Шрифт:
Интервал:
Закладка:
Мы расположились с правой стороны ручья, где у основания старого мостика, сложенного в незапамятные времена по финской традиции из гранитных блоков, росли два огромных куста бузины. Заметить нас среди их разлапистых ветвей было абсолютно невозможно, а сам мост служил прекрасным прикрытием на случай перестрелки. Ярко светила луна, лента ручья тихо несла на себе жёлтые кленовые листья, казавшиеся на иссиня-чёрном фоне золотыми. Прошло около двух часов, разговаривать было нельзя да и, честно говоря, не хотелось. Я начала уже дремать, как вдруг почувствовала, что Дик поднял морду и едва слышно заворчал. Пнув ногой сопевшего рядом Лавра, я протёрла глаза и увидела на мосту… красавицу лису. Она не шла, а скорее плыла, вся преисполненная собственной красоты. Огромный хвост переливался в лунном свете серебром. А лапы грациозно ступали по поверхности моста. Вдруг ночной хищник приостановился и, бесшумно метнувшись в сторону, исчез в темноте. Это был уже тревожный признак. Слабый ночной ветерок дул со стороны моста в нашу сторону, следовательно, лиса нас почуять не могла. А значит, хищник услышал кого-то ещё. Я невольно сжала руками автомат и сделала знак Лавру приготовиться. Однако почти сразу же из чащи леса, с той стороны, где исчезла лиса, послышались хлопанье крыльев и кряхтение. Вскоре всё стихло.
— Футы, чёрт, а я уж было подумал, что началось, — шёпотом проговорил Лавр.
— Не каркай.

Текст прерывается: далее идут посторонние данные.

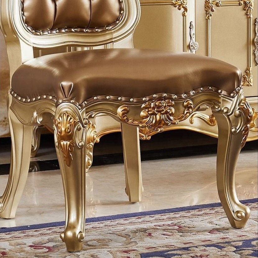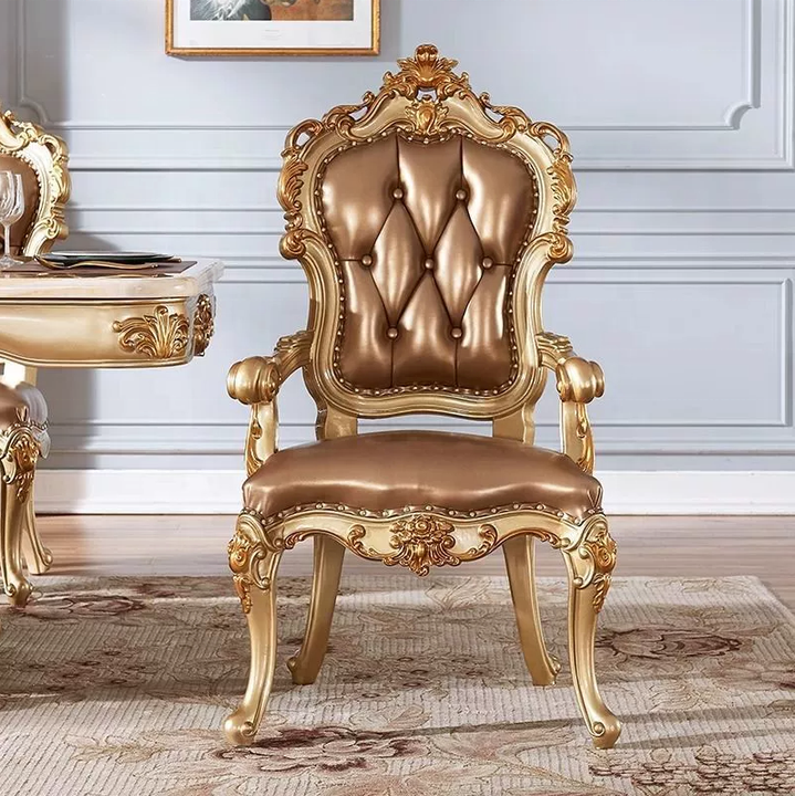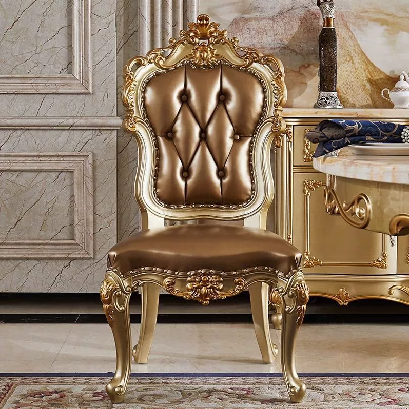 Chaises de salle à manger classiques européennes de luxe en bois massif avec accoudoirs dorés, meubles de restaurant en bois massif et cuir véritable pour la maison

И вообще поменьше думай, а больше слушай. Вон птичка тоже, видимо, много думала да, как говорится, в суп попала.
— А чего мне-то слушать? А Дик на что? Уж он точно не проспит.
— И на старуху бывает проруха. Два уха хорошо, а шесть лучше, — ляпнула я и тут же пожалела, перехватив недовольный взгляд Дика, который красноречиво свидетельствовал об убеждённости нашего пса в том, что уж от нас с Лавром толку в «секрете» как от козла молока.
— Естественный отбор, — задумчиво проговорил Лавр, укладываясь поудобней.
— Это ты о чём?
— О птичке, о чём же ещё, — еле внятно пробормотал Лавр.
— Лавр, хорош спать. Сколько там натикало?
— Без пятнадцати три. Радиостанция молчит, значит, не объявились ещё.
— Кстати, не забудь — через четверть часа связь с заставой, заодно уточнишь обстановку.
— Ладно, — буркнул в ответ Лаврушин. — Наташ, а расскажи мне какой-нибудь сон.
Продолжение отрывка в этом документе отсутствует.